Оля всё это время стояла у противоположного окна вестибюля, не торопясь выходить из школы, потому что ей было очень любопытно, что за переполох случился у Зои и почему вдруг вся тусовка собирается не в школьном дворе, как обычно, а прямо в вестибюле. Она заметила, что на седьмом уроке с Зоей что-то случилось: она постоянно строчила эсэмэски, перешёптывалась, переглядывалась и обменивалась записками с ребятами, так что учитель не выдержала и сказала: «Зоя, если вам надо решить проблемы, выйдите лучше из класса, вы мешаете остальным», и Зоя вышла, а через три минуты, сославшись на расстройство желудка, на выход попросился и Руслан Мирзоев, и до конца урока они в класс не возвращались. А теперь вот эта возбуждённая толпа у входа в школу, и постоянная беготня Фарида к окну и обратно, будто там, за дверью школы, начинается не обычный повседневный город, продолжение пространства школы, а переход в другую реальность, как это бывает в фантастических фильмах. Перешёл через порог – и ты в совершенно другой галактике.
Оля смотрела издалека на перешёптывающихся ребят, однако подойти ближе не решалась. Но когда Зоя направилась к выходу и ребята бросились к окну, она тоже бросилась к окну и увидела здоровенного бугая в чёрном костюме и затемнённых очках. Бугай подбегает к задней двери и раскрывает её для Зои, та делает вид, что бросает рюкзак на заднее сиденье и садится в машину, а когда водитель отворачивается, она хлопает дверью и убегает. Водитель садится в машину, а потом снова выныривает, потому что понимает: Зоя убежала. Он со злостью ударяет по крыше, а потом садится за руль и уезжает. Вот и все.
– Красава, – восхищённо шепчет Руслан.
– М-да, – подтверждает Володя. – Крепкий орешек.
Оля подходит к Алексу, который, увидев её, расплывается в широченной улыбке, и берёт у него из рук газету. Руки у Алекса чёрные, как у шахтёра после смены. Скоро такими же чёрными будут и Олины руки, но она не обращает на это внимания.
– Бородатый демон?
– Угу, – подтверждает Алекс.
Оля всматривается в фотографию – на ней лицо большого и грозного мужчины с короткой чёрной бородой и густыми бровями искажает гримаса – взгляд воспалён, лоб сморщен, нижняя челюсть почти касается шеи; Оля успевает подумать, что так мог выглядеть Паваротти в образе Каварадосси из «Тоски» или даже в образе Калафа из «Турандот», пока не читает подпись под фотографией: «Кто остановит ангела смерти Баруха Шубаева?» Кончиками пальцев она складывает газету вчетверо, убирает в сумочку и идёт к выходу.
3
Зоя знала наверняка, что дядя Боря отчитает её сегодня вечером, потому что сочтёт её бегство от Николая поступком ребёнка, а не взрослого.
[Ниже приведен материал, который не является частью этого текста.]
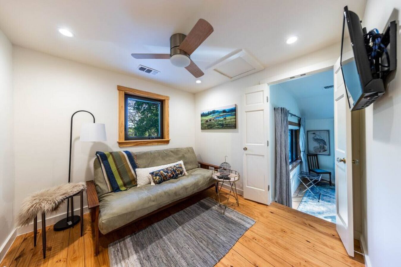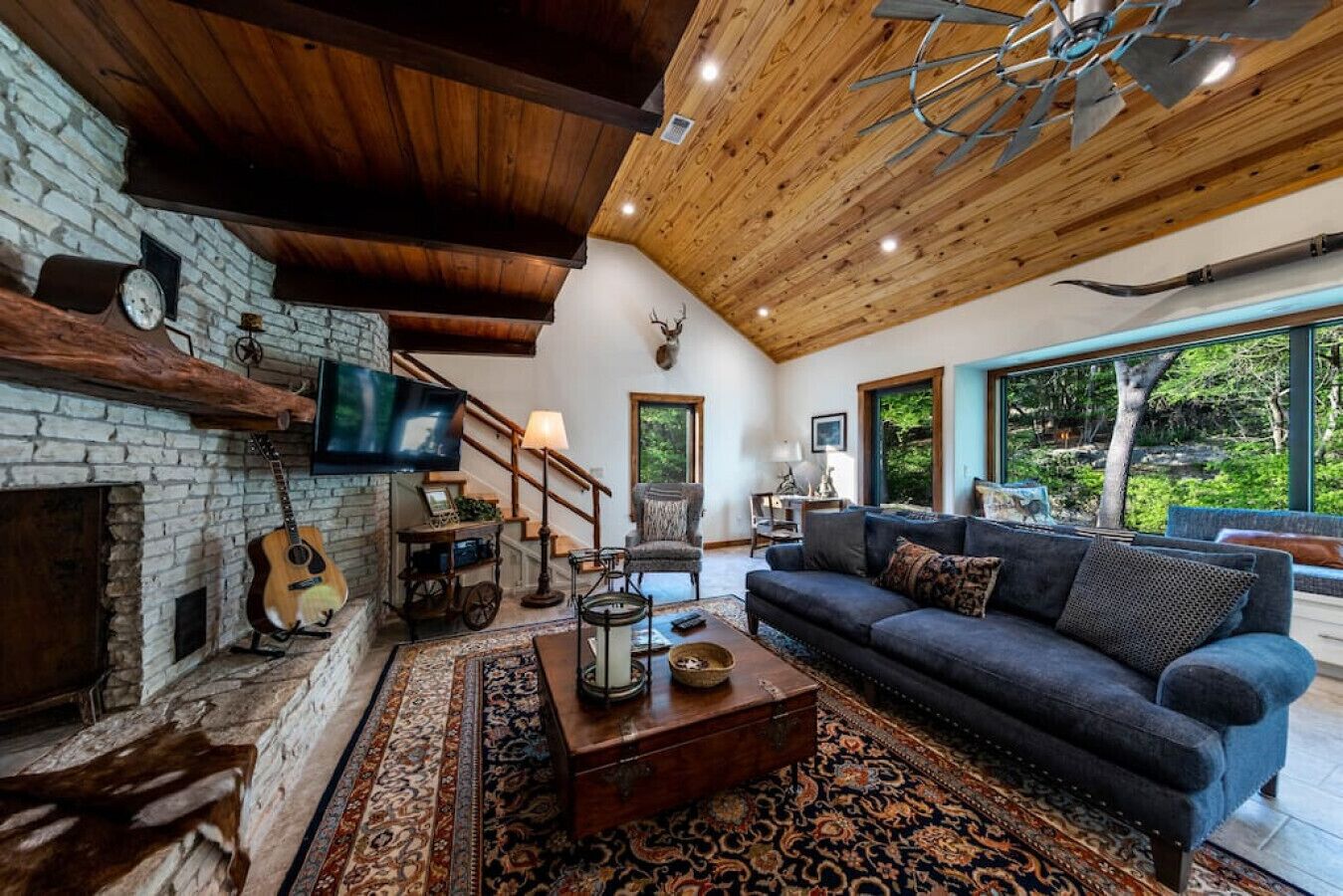River Run - Luxurious Adults Only Riverfront Oasis River Run is nestled on 2 private acres with direct views and access to the Blanco River in the backyard. The home has been thoughtfully remodeled from top to bottom with luxurious finishes and decor as an adults only oasis. Enjoy a short half-mile walk into downtown Wimberley where you can spend your afternoon exploring shops and restaurants or take some time to relax and sample some wine while listening to live music.When you enter this split level home you will head down a few stairs to enter an open layout which encompasses the great room, dining, and kitchen spaces. The bedrooms and bathrooms are located on the top floor. The first room offers two double beds, a flat screen TV and large picture windows surrounded by nature. Right down the hall is a half bathroom followed by a full bathroom and the master suite. The master suite is equipped with a king size bed, flat screen TV, and large picture windows facing the Blanco River. There is a bonus seating area with futon off the master bedroom. All bedrooms have both pulldown shades and curtains and closets. This property has several outdoor seating areas both covered and uncovered. Directly outside of the kitchen is a covered patio seating area with ceiling fan and surrounded by cafe lights. The whole house sound system extends to the covered patio. From the patio you can head down the property to an open air seating platform over looking the river. Both the covered patio and open air space are excellent places to observe the local deer feeding (deer feed provided). If you continue towards the river from the open air seating area you'll come across the properties large fire pit, the perfect gathering place to relax and watch the river go by. A short walk from the fireplace are two sets of stairs with two separate easy access points into the river.Guests have full access to the entire property.Please do not hesitate contact us directly at 833-STAY-HCC (782-9422) if you need anything during your stay. We are available 24/7.This property is the best of both worlds as it offers both a private verdant sanctuary and a location that can't be beat. You'll have plenty of room to breath on this two acre oasis with your own exclusive Blanco River access. Or, if you want to explore, the shops, restaurants, and tasting rooms of downtown Wimberley you're just a few minutes away by foot and even less by auto.You can take a short walk or drive to the nearby Wimberley town square. In the teen square you will find many shops and restaurants. You will need transportation if you choose to venture outside of the town square to one of the many wineries/breweries. Uber and Lyft are not generally available in the area but we can help you coordinate a limo van or other transportation for a day outing with enough advanced notice. If you are interested in transportation services please contact us directly and with as much notice as possible to help us accommodate your request.All guests will be required to provide a valid credit card to be placed on file during their stay. In lieu of charging a damage deposit, a temporary hold will be placed on a credit card in the amount of $250 upon arrival for incidentals. This hold will automatically be released 7 days after your departure unless damages, excessive cleaning, or a violation of the house rules are discovered upon inspection. Please note once we release the hold, it is dependent upon your financial institution upon your financial institution regarding how long it takes for for the release of funds to process. If you choose to provide a debit card for this hold, please make sure you plan accordingly.Guest manual located on top of desk downstairs.House is not suitable for children. No animals or day guests (visitors).

Ну и пусть. Сегодня – не каменный век, а двадцать первый. И никто не будет воровать человека на улице. Пусть он это поймёт и отстанет. Пусть так и запишет: Зоя больше не ребёнок. Если она не докажет это сейчас, то не докажет никогда. Она хочет, чтобы они все раз и навсегда поняли, что она – самостоятельная личность, безо всяких но.
Николай будет преследовать её всю дорогу, объезжая пешеходные пути, а кое-где и нарушая ПДД, ну и пусть, а она назло будет идти там, где он не проедет: по лестницам, по узким спускам, по тропинкам. Он с таким же успехом мог просто дождаться её у их калитки. В конце концов, весь путь от школы до дома составляет ровно 3500 шагов и ни шагом больше, уж двадцать минут можно потерпеть.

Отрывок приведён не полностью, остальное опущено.